Le 26 juillet 2019, l’Organisation Mondiale de la Santé (OMS), dans le « global tobacco epidemic report » aux conclusions prémonitoires adressait une mise garde sur l’utilisation des cigarettes électroniques et du tabac chauffé en rappelant qu’il s’agit de produits nocifs. A partir du 15 août, les agences sanitaires américaines ont commencé à communiquer sur des cas de maladies pulmonaires concernant des consommateurs de cigarettes électroniques. Aujourd’hui 2 octobre 2019, le bilan est très lourd : 13 morts et plus de 800 hospitalisations.
Aussitôt fabricants de cigarettes électroniques et fabricants de tabac, qui ont lancé les produits du tabac chauffé (Iqos, Ploom, Glo par exemple) et qui investissent de façon croissante dans le secteur des cigarettes électroniques ont tenté de relativiser ce drame sanitaire, en affirmant qu’il ne concernait que les Etats-Unis, et que les utilisateurs avaient consommé des produits dérivés du cannabis.
En France, ces propos ont été notamment repris par le professeur Bertrand Dautzenberg, pneumologue, affirmant que critiquer la cigarette électronique revenait à encourager la consommation de tabac traditionnel ! De son côté, Agnès Buzyn, Ministre des Solidarités et de la santé a balayé tout risque pour les consommateurs français au nom certainement de la traditionnelle « spécificité française », déjà revendiquée lors du nuage de Tchernobyl.

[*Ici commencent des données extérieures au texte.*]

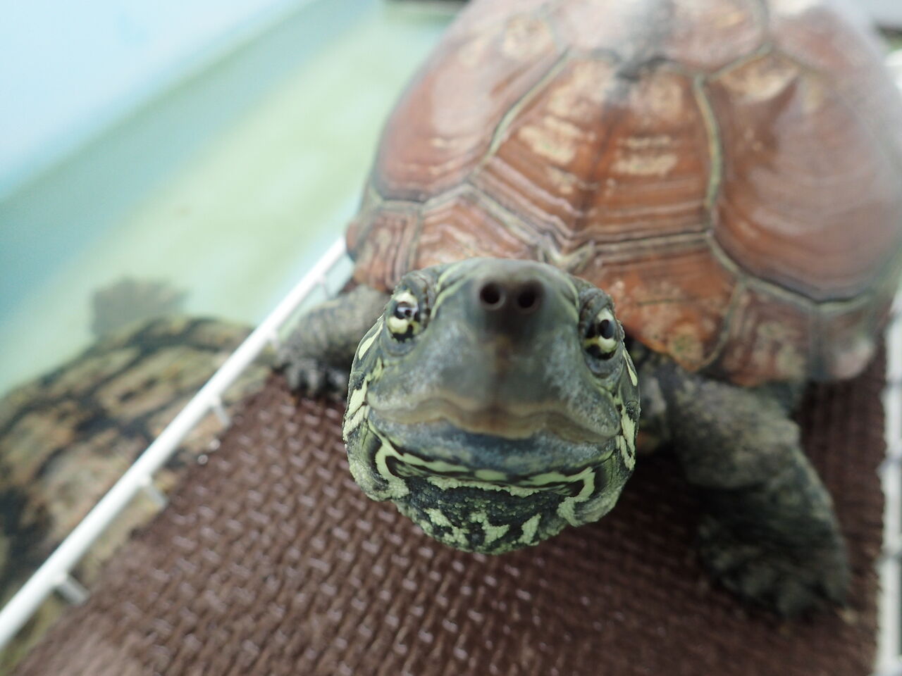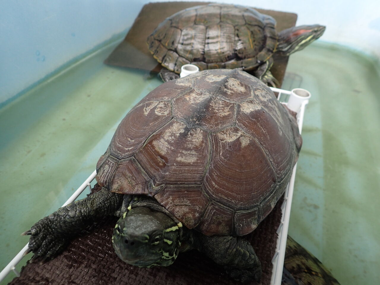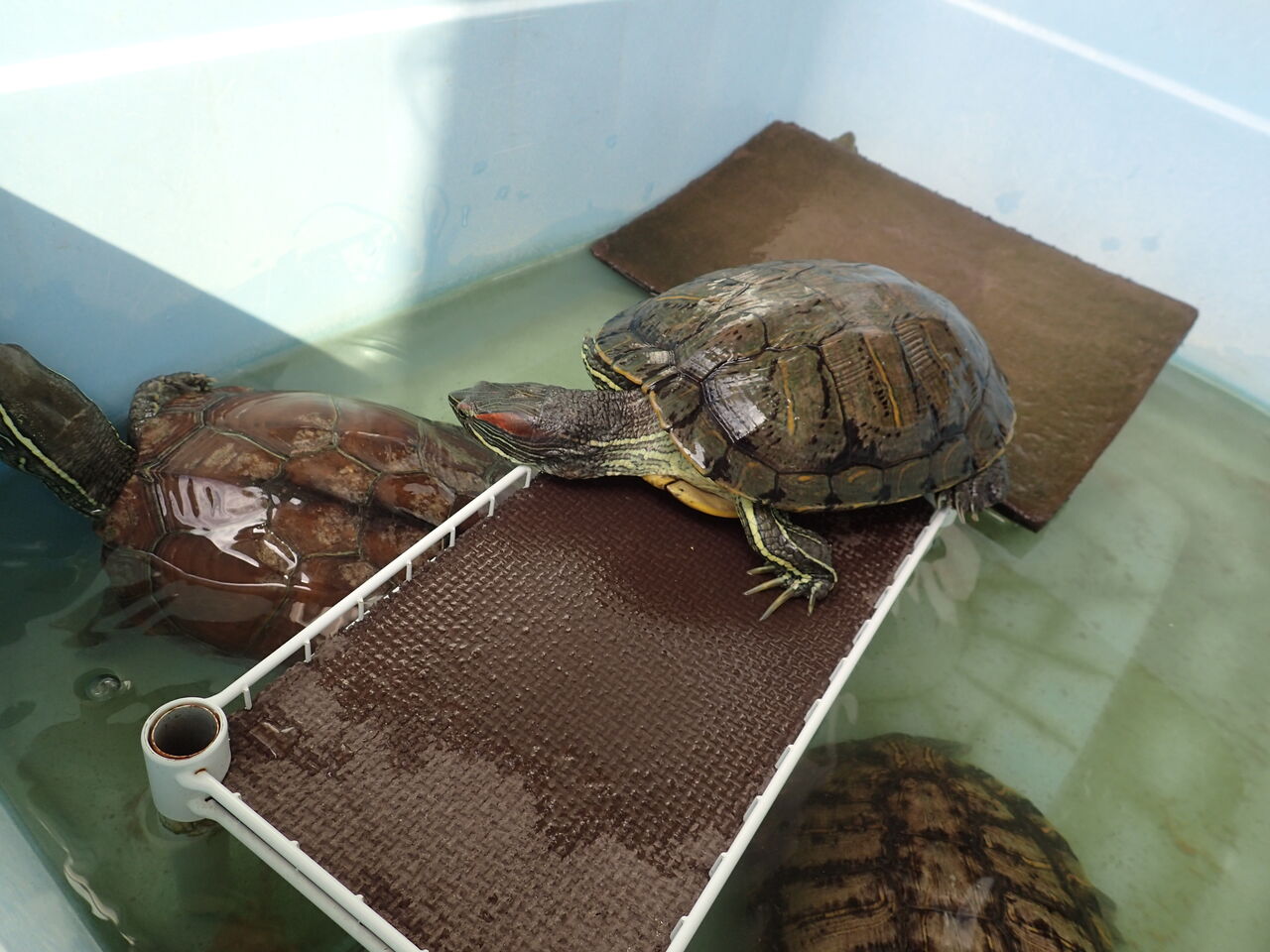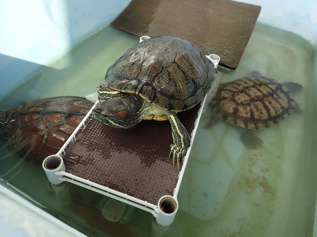 朝ご飯前のカメちゃん達。場所取り争い中![]()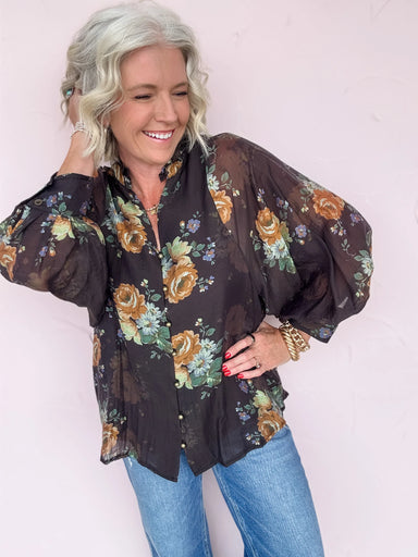 The Under the Moon Top brings a touch of quiet drama to your wardrobe. Designed in a soft black fabric with a delicate tan floral print, it feature...

Un malade sur quatre a fumé de « simples » cigarettes électroniques
Le problème est que ces deux arguments sont faux : d’une part le Canada, la Suisse et maintenant le Royaume-Uni, où la première victime de la cigarette électronique daterait même de 2010, sont également concernés, et d’autre part, selon les chiffres des agences sanitaires américaines, 77% des consommateurs concernés ont déclaré avoir utilisé des produits contenant du THC (tétrahydrocannabinol, l'agent psychoactif du cannabis).
Autrement dit, près d’un utilisateur sur quatre a consommé des cigarettes électroniques dans des conditions normales d’utilisation, et est tombé malade, voire est mort.
Quelles conséquences en tirer ?
Face à cette situation et à ces chiffres, il faut éviter deux écueils : celui de l’angélisme dont sont atteints Agnès Buzyn, ou les professeurs Bertrand Dautzenberg et Gérard Dubois, de l’académie nationale de médecine, ainsi que celui du catastrophisme.
Deux circonstances apparaissent clairement :
- le tabac chauffé (Iqos, Ploom, Glo…), que les quatre fabricants de tabac Philip Morris International, British American Tobacco, Seita-Imperial Brands et Japan Tobacco International, souhaitent promouvoir comme une alternative au tabac traditionnel, et pour lequel ils conduisent des opérations de lobbying pour obtenir une législation et une fiscalité spécifiques, n’est pas assimilable aux cigarettes électroniques.
Le tabac chauffé reste du tabac. On doit donc lui appliquer la législation et la fiscalité applicables au tabac traditionnel. Il s’agit d’ailleurs d’une exigence de l’OMS, telle que clairement mentionnée dans son rapport cité en introduction. Pourtant, à voir les publicités dans les tabacs et les emballages de ces produits, on ne s’étonne plus que les adolescents fondent sur ces produits au packaging attrayant.
- Depuis les cas révélés aux Etats-Unis, on doit pouvoir l’affirmer, à l’instar de l’OMS : la cigarette électronique est nocive. La question de savoir si elle est aussi nocive ou moins nocive que la cigarette traditionnelle est prématurée.
Elle sera tranchée avec le temps, grâce aux études scientifiques indépendantes qui seront conduites mais qui vont prendre du temps.
Ce qui est certain depuis la publication de la très sérieuse étude de l’Université de Médecine de Baylor.
Dans l’attente, et comme dans les nombreuses matières par nature plus dangereuses où sa mise en oeuvre est évidente, il conviendrait d'appliquer le principe de précaution.